*** Block opens ***
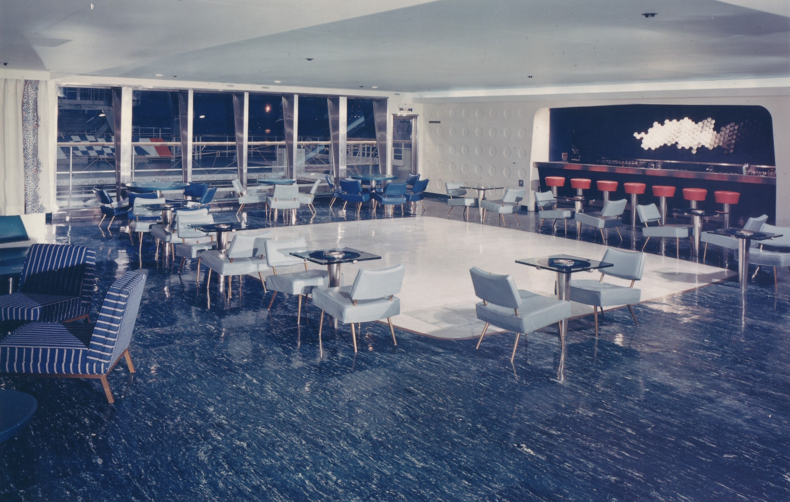 Modern artwork also played a key role in the ship’s aesthetics; both permanent and loaned displays of artwork were showcased. Of the permanent displays, perhaps the most prominent is the “Fission” hyperboloid mural by Pierre Bourdelle, located in the Dining Room behind the captain’s table, and it and remains on the ship today. Original prints, etchings, woodcuts, abstract color photography, and ceramics hung in passenger and officers’ staterooms. The Whitney Museum of American Art loaned fourteen paintings which were displayed in the main lounge for passengers and visitors to enjoy.
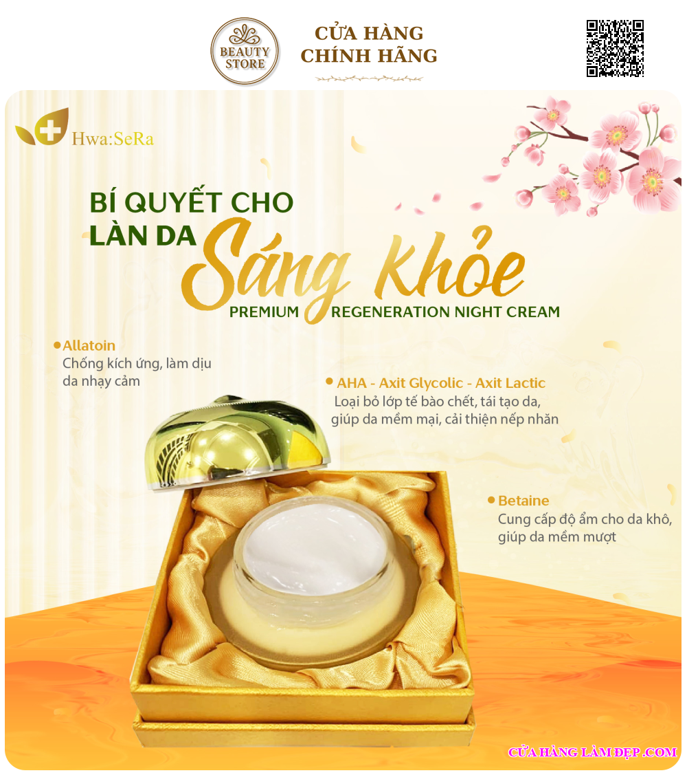 - Hwa:SeRa Premium Regeneration Night Cream kem tái sinh da ban đêm sẽ bổ sung những thành phần chiết xuất tự nhiên như AHA – Axit Glycolic – Axit Lactic,… giúp tái sinh từng tế bào, phục hồi da hiệu quả, dưỡng da trắng hồng tự nhiên.
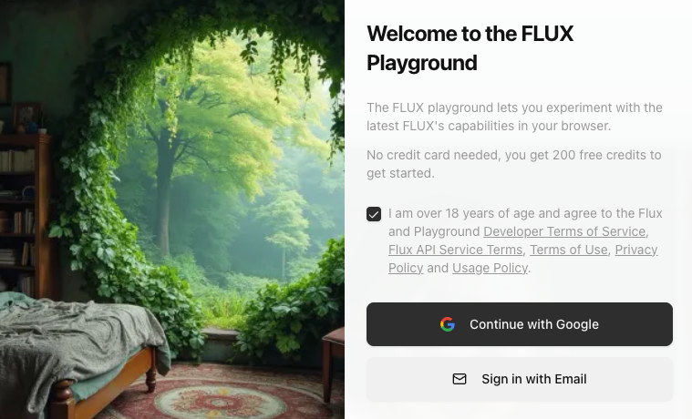 BFL Playground 를 사용하려면 먼저 계정을 생성하여야 합니다.
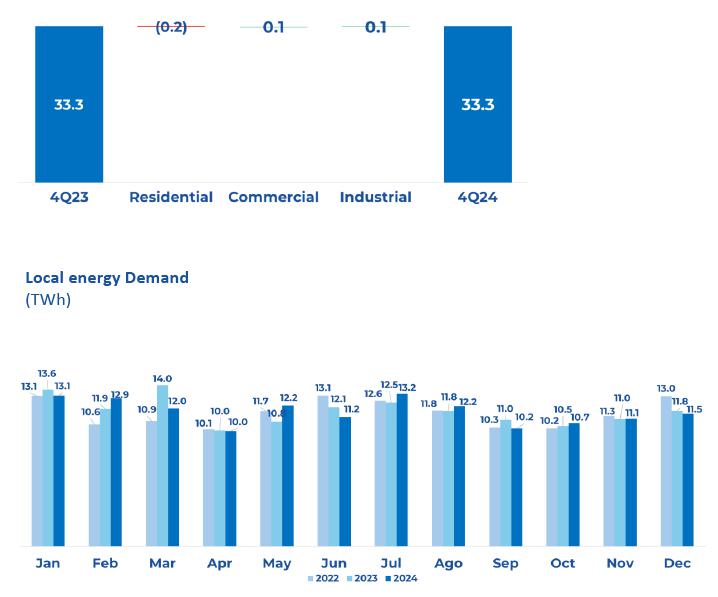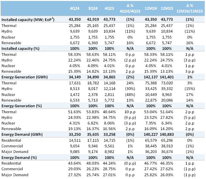 Power generation & demand: During 4Q24, energy demand reached 33,250 GWh, a slight decrease from the 33,258 GWh recorded during the 4Q24. There was a 1% decrease in residential consumption almost offset by commercial (+1%) and major demand (+1%). Higher temperatures recorded during October 2024 vis-à-vis same month of 2023 prompted higher retail consumption, which shrank in November and December as a result of milder temperatures compared to equal months of 2023.
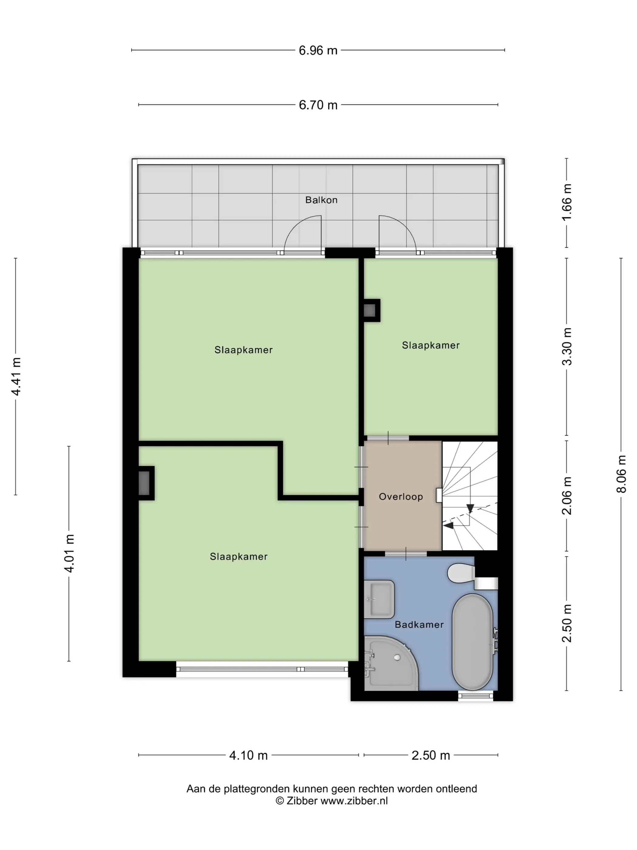 Overloop met toegang tot de badkamer, voorzien van ligbad, hoekdouche, wastafel en toilet. Grote lichte slaapkamer aan de voorzijde met een bijna even grote slaapkamer aan de achterzijde met toegang tot het balkon. De derde slaapkamer aan de achterzijde heeft eveneens een deur naar het brede balkon.
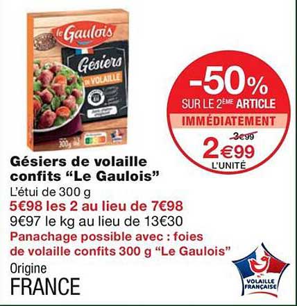 Offre de Gésiers De Volaille Confits “Le Gaulois” chez Monoprix
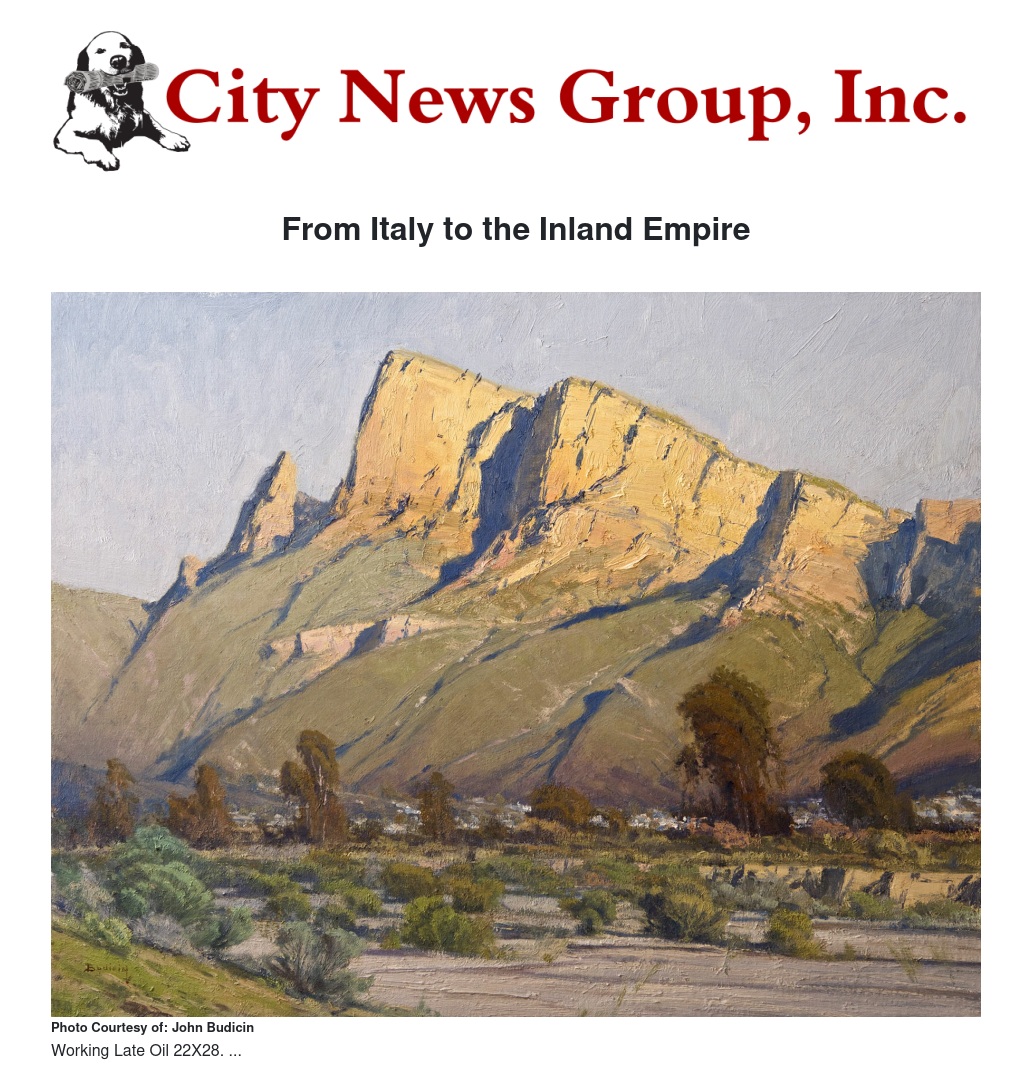 On Sunday, November 4, from 2 to 4 pm, the Loma Linda Cultural Arts Association* is delighted to present John Budicin, a devoted plein air artist who works in oils. Born in the beautiful seaside town, Rovigno D’Istria (that eventually passed from Italy to Croatia), Budicin emigrated to the US and California as an 11-year-old Italian. After completing his education, John became a commercial artist and freelance illustrator, turning to plein air fine art as a career when his employer moved out of California.
*** Block closes ***
DIRECTIONS FOR THIS TASK >> Using the entries above, repeat exactly the lines from the one with "BFL Playground 를 사용하려면 먼저 계정을 생성하여야 합니다." to the one with "Offre de Gésiers", both included, and leave the pictures behind.

SOLUTION TO THE PROBLEM >>
 BFL Playground 를 사용하려면 먼저 계정을 생성하여야 합니다.
 Power generation & demand: During 4Q24, energy demand reached 33,250 GWh, a slight decrease from the 33,258 GWh recorded during the 4Q24. There was a 1% decrease in residential consumption almost offset by commercial (+1%) and major demand (+1%). Higher temperatures recorded during October 2024 vis-à-vis same month of 2023 prompted higher retail consumption, which shrank in November and December as a result of milder temperatures compared to equal months of 2023.
 Overloop met toegang tot de badkamer, voorzien van ligbad, hoekdouche, wastafel en toilet. Grote lichte slaapkamer aan de voorzijde met een bijna even grote slaapkamer aan de achterzijde met toegang tot het balkon. De derde slaapkamer aan de achterzijde heeft eveneens een deur naar het brede balkon.
 Offre de Gésiers De Volaille Confits “Le Gaulois” chez Monoprix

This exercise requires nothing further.